Stored records
----
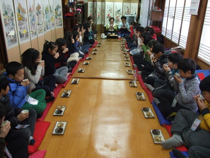 인천평생학습관은 지난 6일~9일 초등학교 4학년 학생을 대상으로 '우리역사와 효(孝)의 만남'이란 주제로 겨울방학특강 '전통문화 효(孝) 체험교실'을 운영했다. 참가학생들은 역사교육·택견·차례상 차리기·연 만들기·다례 등을 배웠다. 사진은 다례를 배우는 학생들의 모습.
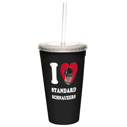 Tree-Free Greetings CC35128 I Heart Standard Schnauzers Artful Traveler Double-Walled Cool Cup with Reusable Straw, 16-Ounce
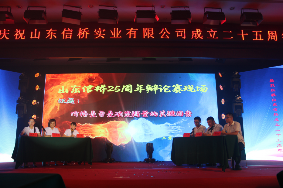 第五個節(jié)目是由信橋男生隊王丙丙、高雨、郭帥,女生隊徐賽、劉琳琳、宋金萍,客串周廣超、趙文玲帶來的《辯論賽》,辯論主題是價格是否是決定銷量的關鍵因素,雙方辯手就自己的觀點展開了激烈的討論,最后全體辯手共同朗誦《沁園春·信橋》。
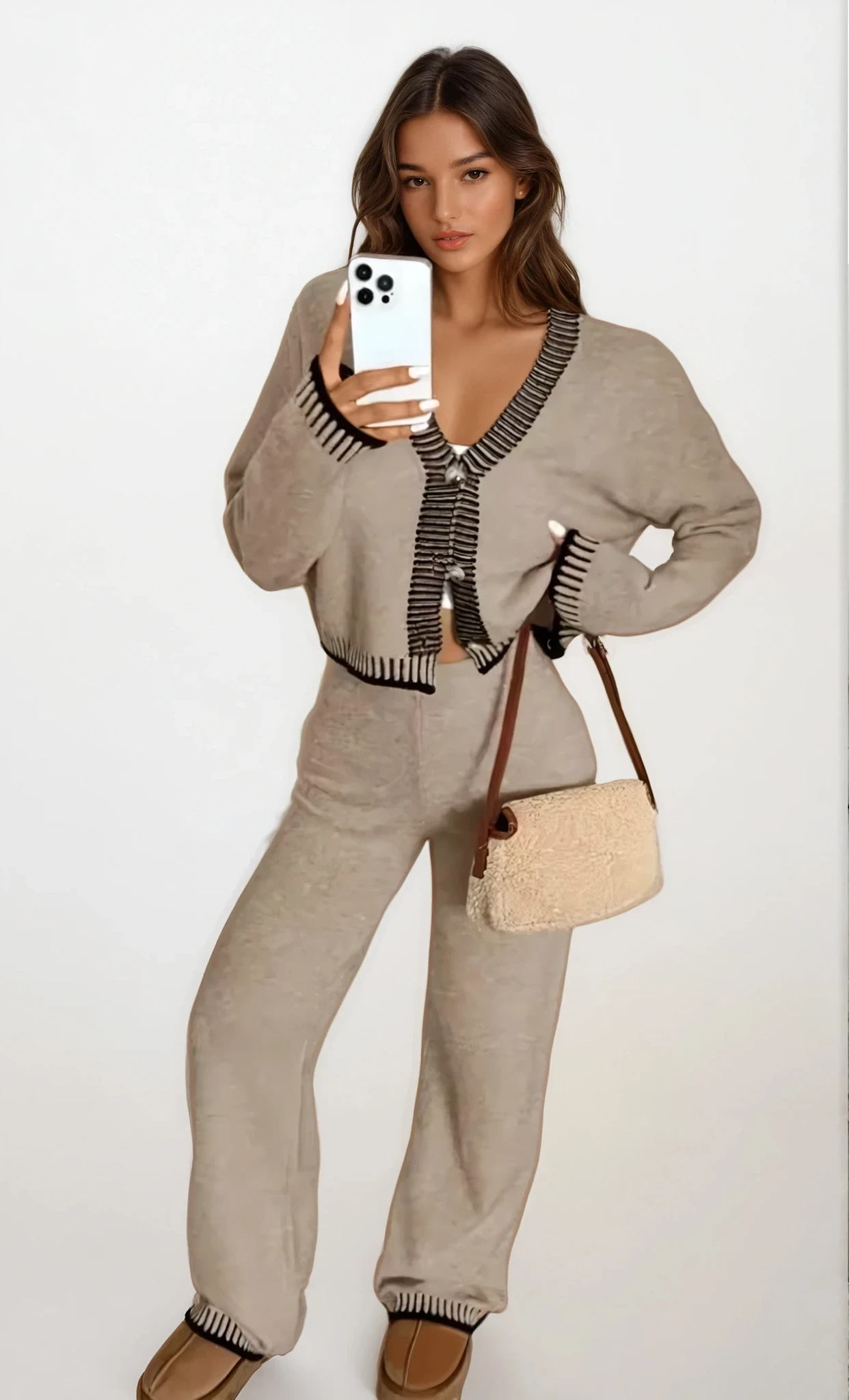 Kontraststickade detaljer ger djup och visuellt intresse, vilket gör att outfiten känns upphöjd utan att förlora sin avslappnade charm. Perfekt för hemmakontorsdagar, kaffeutflykter, resor, avslappnade kvällar eller avslappnad streetstyle, detta set ger värme, mjukhet och enkel rörelsefrihet samtidigt som det håller dig moderiktig.
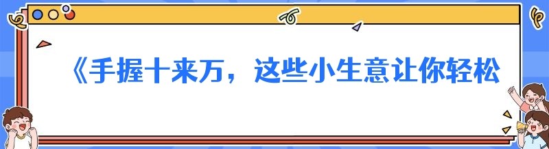 在创业的道路上,资金是一个重要的考量因素。如果你手头有十来万的资金,想要寻找一个合适的小生意来投资,那么这篇文章将为你提供一些有价值的建议。
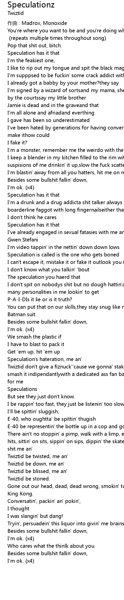 | Twiztid don't give a fiznuck''cause we gonna' stake an' take it up a state an' smash it indipendantlywith a dedicated ass fan base that'll do a motherfucker in for me | |
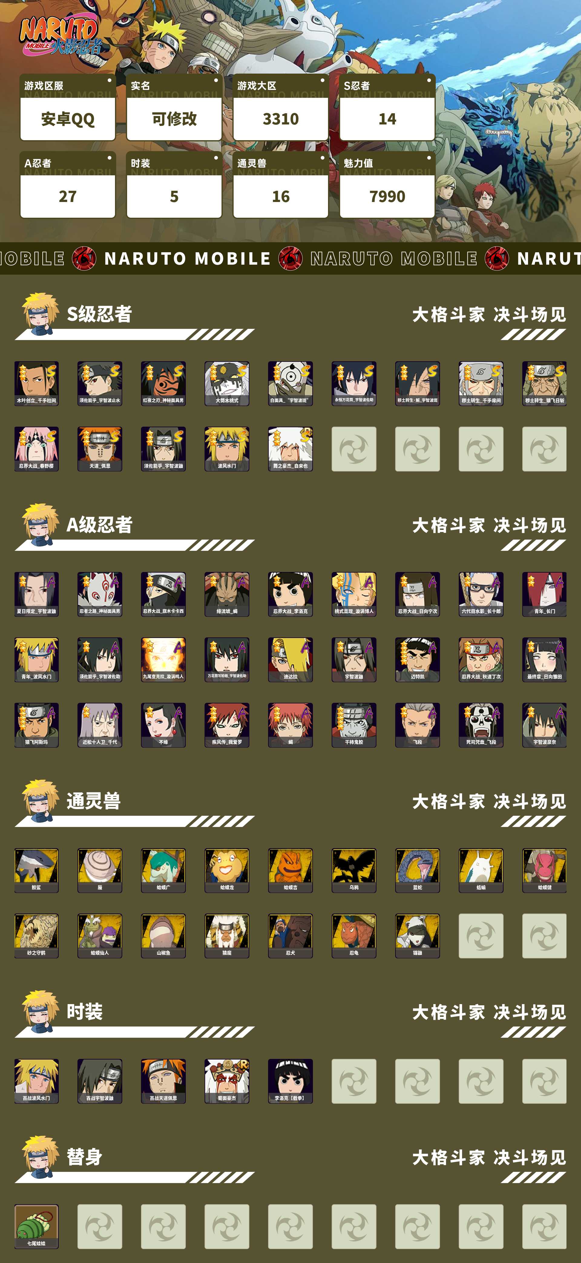 (可转苹果)773W战力 创柱 绿牛 红夜带土14S+面麻 忍卡2个198直购27A+84片传自
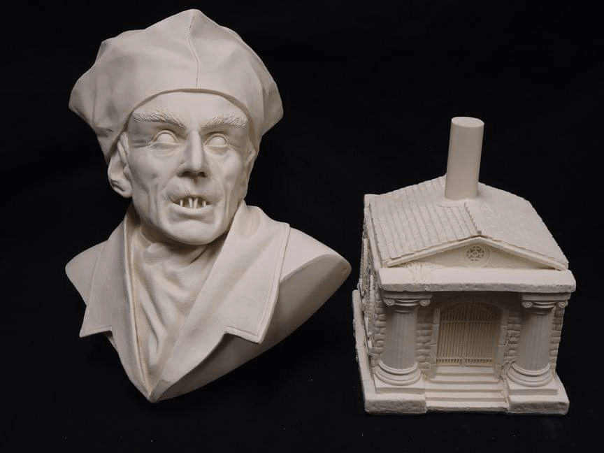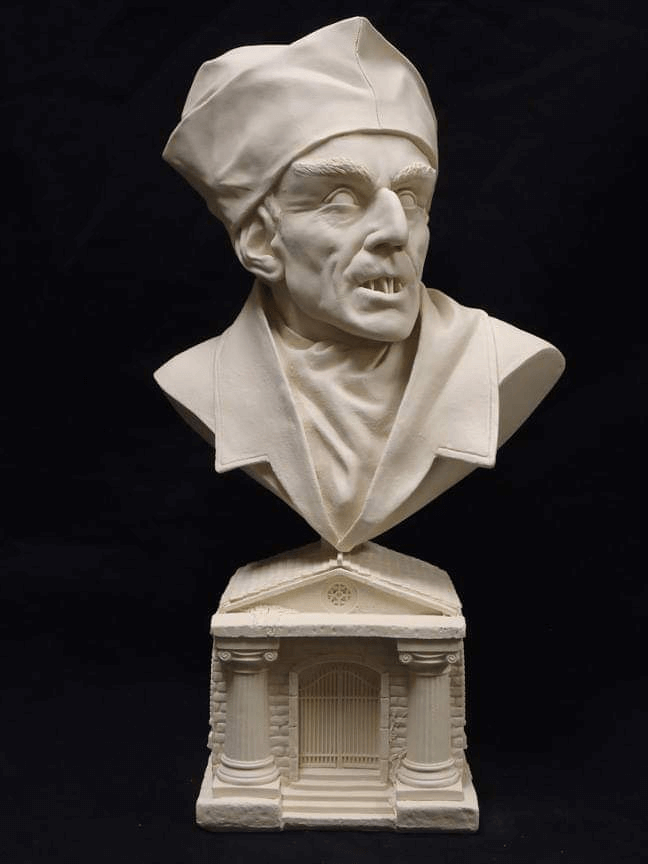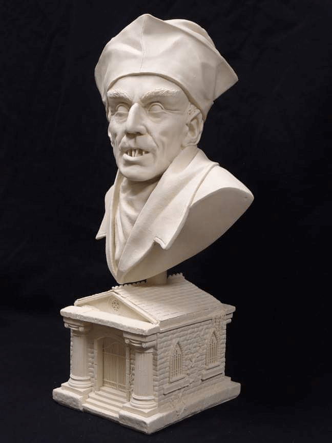 Sculpted by Jeff Yagher, this 1/2 scale bust of the notorious Count Orlok or Nosferatu as many have come to know him, stands approximately 15 in tall. LED lighting kit and clear cast stained glass windows for the crypt included.
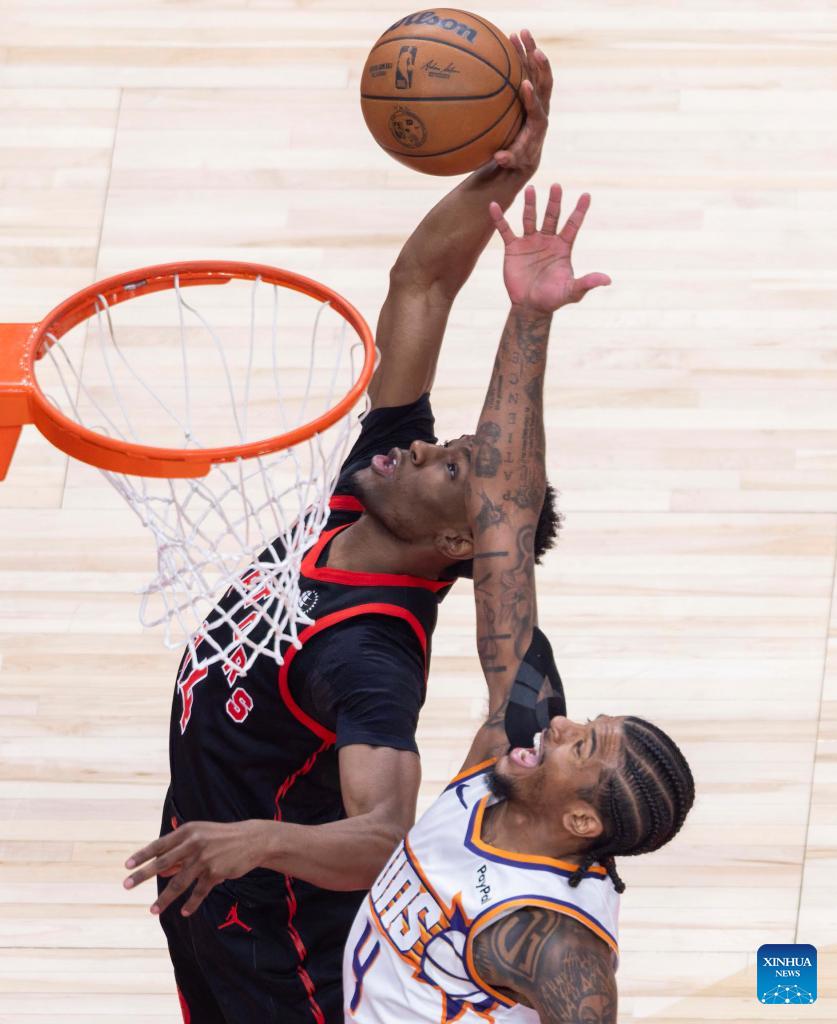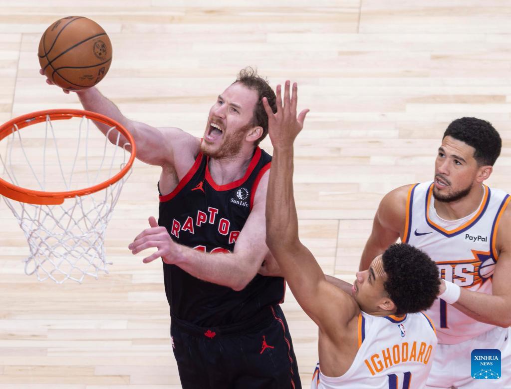 Jakob Poeltl (L) of Toronto Raptors goes up for a layup during the 2025-2026 NBA regular season game between Toronto Raptors and Phoenix Suns in Toronto, Canada, on March 13, 2026. (Photo by Zou Zheng/Xinhua)
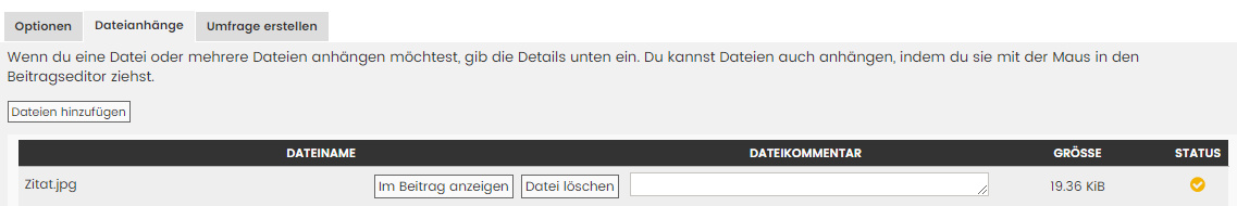 Eine ebenfalls recht häufig genutzte Funktion sind Dateianhänge. Sie dienen vor allem für Bilder-Uploads ins nuForum. Damit man ein Bild in einem Beitrag verwenden kann, muss man es nicht nur im Menü Dateianhänge hinzufügen (es lassen sich auch mehrere Files gleichzeitig auswählen), sondern muss es anschließend auch über den Button "Im Beitrag anzeigen" in das Thema einbinden. Dabei wird der Code an der Stelle eingebunden, an der sich der Cursor befindet. Die Fotos lassen sich genauso kopieren, ausschneiden und verschieben wie andere BBCode-Elemente auch.
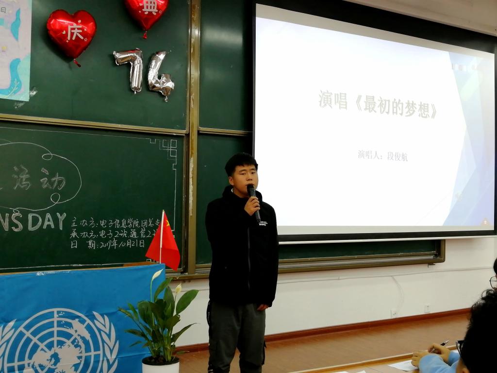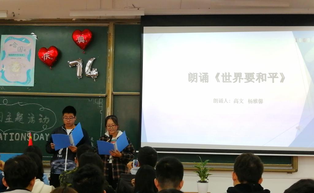 高文、杨雅馨、高子明同学以诗朗诵和主题演讲的形式,倡导大家更多的去关注联合国日,珍惜现在的和平生活。段俊航同学为大家演唱歌曲《最初的梦想》,同学们从他的歌声中找到共鸣,深刻体会到和平发展的重要意义。有奖问答环节的开展加深了同学们对联合国日设立意义及发展历程的印象,现场气氛达到了高潮。
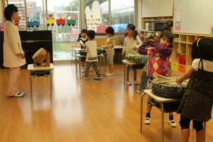 ライオン組のお友だちは太鼓の練習を頑張りました(*^_^*)
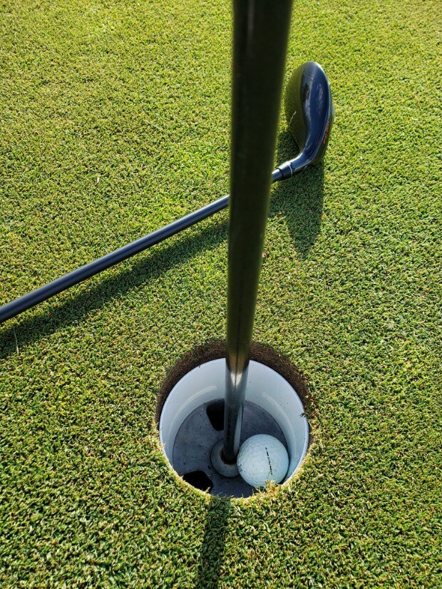 The hole-in-one that happened on the third hole, par three, is 167 uphill with pine trees on the right and left and a sand trap in front of the green. The ball was straight, landed on the fringe, rolled on the green, and seemed to disappear. The skeptical part of me looked first past the green, but I could not locate the ball until I lifted the flag. I used a Titleist ProV1 ball and was thrilled with the shot on Friday, May 27, 2022.
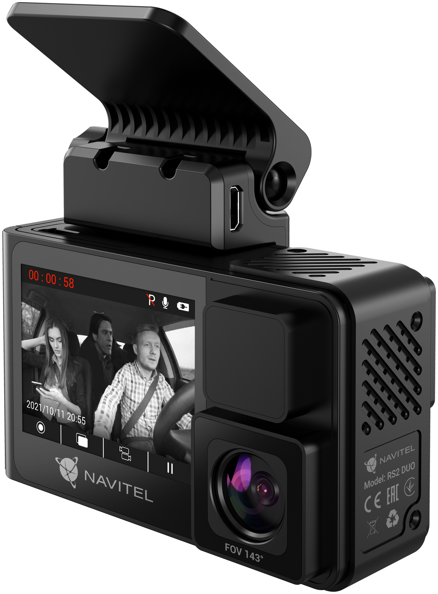 Видеорегистратор NAVITEL угол обзора 143°, 1920х1080 FullHD (30 fps), камера в салон SONY STARVIS (Night Vision) NAVITEL-RS2DUO
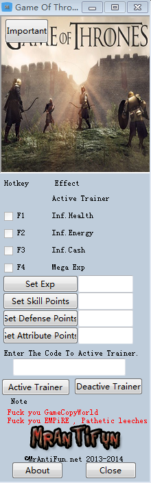 权力的游戏十项修改器是一款功能实用的游戏数据修改工具,你可以将游戏中所有你想要的数据修改成最合适的,一键拥有无限金钱、无限能量、无限生命,轻松完成游戏任务,和游戏中的任务一起冒险吧!
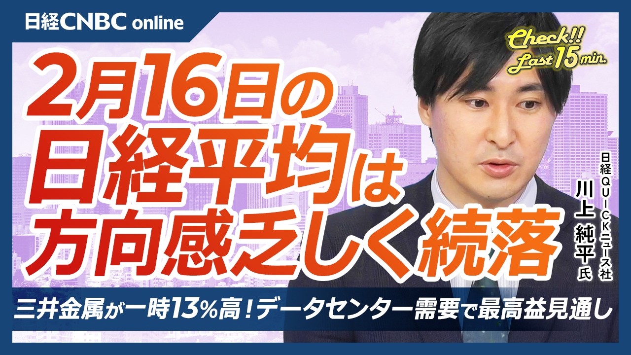 【2月16日(月)東京株式市場】日経平均は5万7000円攻防/三井金属が一時13%高、データセンター需要で最高益見通し/利下げ観測意識で米CPIが市場予想下回る/半導体:ディスコは売買代金が過去最大に【日経CNBC】
----
Task statement:
Exactly the lines starting at the one above with "(可转苹果)773W战力 创柱 绿牛" and ending at the one with "Sculpted by Jeff" should be printed, and nothing else. Omit the pictures.

Result of the exercise:
 (可转苹果)773W战力 创柱 绿牛 红夜带土14S+面麻 忍卡2个198直购27A+84片传自
 Sculpted by Jeff Yagher, this 1/2 scale bust of the notorious Count Orlok or Nosferatu as many have come to know him, stands approximately 15 in tall. LED lighting kit and clear cast stained glass windows for the crypt included.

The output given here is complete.